According to Kuma, Tokyo’s uniqueness also resides in the “contrast between quiet, sacred space and active, noisy commercial space.” The example of the bustling fashion street of Omotesando leading to the spiritual oasis of Meiji Shrine is perhaps the most famous.
Maki, for his part, attributes Tokyo’s architectonic variety to the destruction wrought by the Great Kanto Earthquake of 1923 and the debilitating US air raids of 1944-45. “In spite of these calamities,” he says, “some of the old buildings still remain, but in fairly fragmentary ways. But this mixture gives a certain charm to a city of this size.”
Tokyo’s ever-changing urban landscape has helped free the imaginations of architects, leading to radical, uninhibited thinking about our constructed environment. A major show at the Mori Art Museum takes a look at the revolutionary 1960s architectural movement Metabolism, which used the analogy of living organisms to conceive of buildings as flexible “organic” entities, able to adapt and adjust to changes in the environment and serve varying functions.
Including such luminaries as Kisho Kurokawa, Fumihiko Maki, Arata Isozaki, and one of Japan’s most famous architects Kenzo Tange, the movement’s typical proposals included a “sky city” of tall buildings connected by acrophobia-inducing walkways and a floating island city strung out across Tokyo Bay—neither of which seem exactly reassuring concepts in a land known for earthquakes and tsunamis.
Some of the grander Metabolist visions have a sci-fi feel to them, with the result that very few actual Metabolist buildings were commissioned—see Shimbashi’s Nakagin Capsule Hotel before its residents’ requests for it to be demolished come to fruition. Nevertheless, the movement continues to have a significant influence on contemporary Japanese architects like Toyo Ito, Kengo Kuma, and Tadao Ando, perhaps because the core idea of architectonic flexibility has its roots in the traditional Japanese house—adjustable to seasonal and diurnal variations through the use of shutters, blinds, and sliding doors.
A separate exhibition at the Miraikan (National Museum of Emerging Science and Innovation) shows some of the residual influence of the movement. “Making of Tokyo Sky Tree—Welcome to the construction site in the sky” showcases the work behind the nearly complete Tokyo Sky Tree that now looms over our city.
One of the innovative features of Tokyo’s new tallest building is its enormous underground water tanks. These allow the building to do its heating and cooling work, depending on the season, during the night when off-peak electricity rates are available, and then to store the water for temperature control during the day. It is estimated that this feature will save 40-50% in energy costs.
In many ways the Tokyo Sky Tree is the perfect embodiment of the city’s unique position on the geological and architectural fault lines. Constructing such a tall building in an earthquake zone raises particular safety issues. While the TST may be too tall and streamlined to really resemble a tree, underground it’s a different story. The building is literally rooted to the ground with pilings driven 50 meters into the ground that fan out in a radial fashion, rather like the roots of a tree.

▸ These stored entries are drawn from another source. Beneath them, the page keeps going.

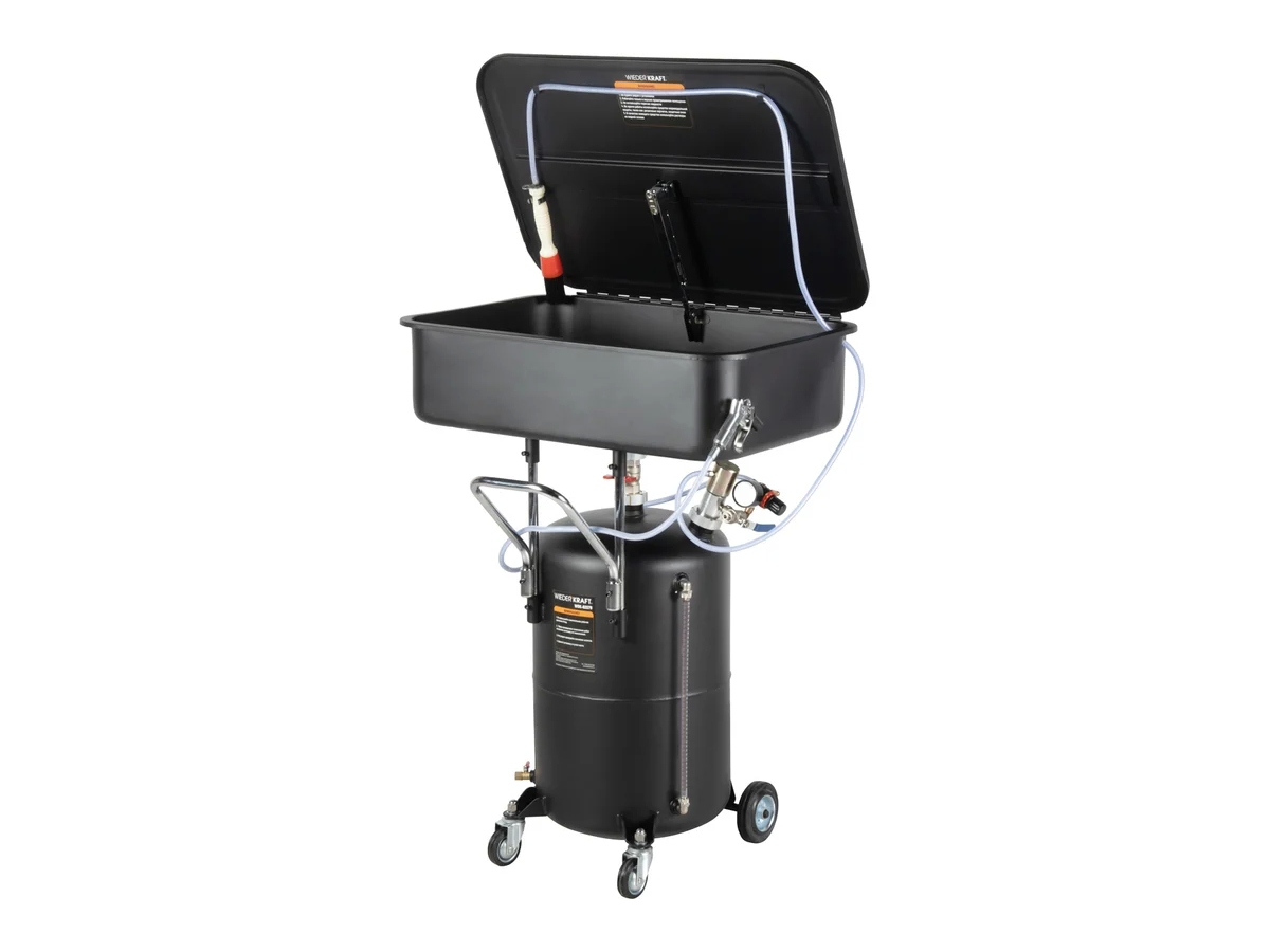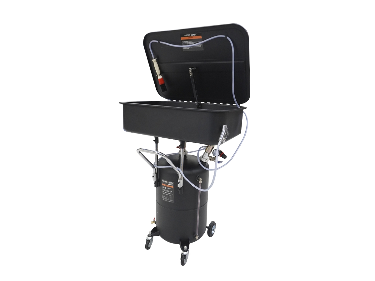 Пневматическая установка WIEDERKRAFT WDK-82079 предназначена для очистки деталей и агрегатов с использованием растворов на водной основе. Оснащена автономным пневматическим блоком, который позволяет использовать установку без постоянного подключения к пневмолинии в течение ограниченного времени. Конструкция с двумя поворотными и двумя фиксированными колесами облегчает транспортировку. В комплекте поставляются обдувочный пистолет, две щетки для очистки, ФУМ-лента и шестигранный ключ. Крышка ванны оборудована упорным механизмом, а на резервуаре расположены индикатор уровня жидкости и манометр для контроля рабочих параметров.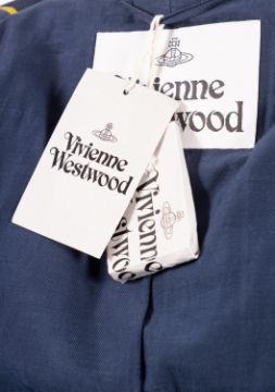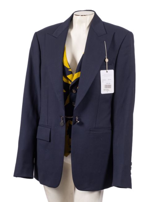 Vivienne Westwood. A Vivienne Westwood navy wool blend blazer with an integrated navy and lime green patterned waistcoat, size 40, with original tags attached.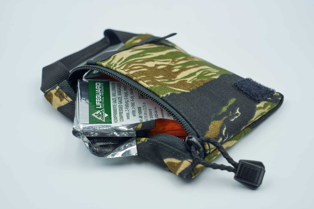 Eckig kommt er daher und nimmt allerlei EDC Ausrüstung auf, die sonst in der Jeans verloren gehen würden. Ob als kleines IFAK oder BooBoo Kit, als Tasche für Survival-Kram oder für das tägliche EDC, Platz ist im XL M.U.P. V3.0 allemal und er kommt in einer ähnlichen Ausstattung wie der kleine Bruder. Im Inneren ist der XL M.U.P. mit RipStop Nylon in Signalorange ausgekleidet und einer mit Laser bearbeiteten Sicherungsschlaufe.

Despite its modernist appearance, the building also owes a large debt to indigenous architectural traditions. The sway-reducing technology incorporated in the central shaft was partly inspired by Japan’s ancient pagodas, which have a particularly good track record in standing up to earthquake shocks. For example, since it was built, Nara’s Horyuji Temple pagoda has weathered around 1,400 years of tremors. Like these pagodas, the TST incorporates an independent central shaft designed to dissipate seismic forces. Under the shade of this remarkable structure, Tokyo is set for a fascinating architectural early autumn.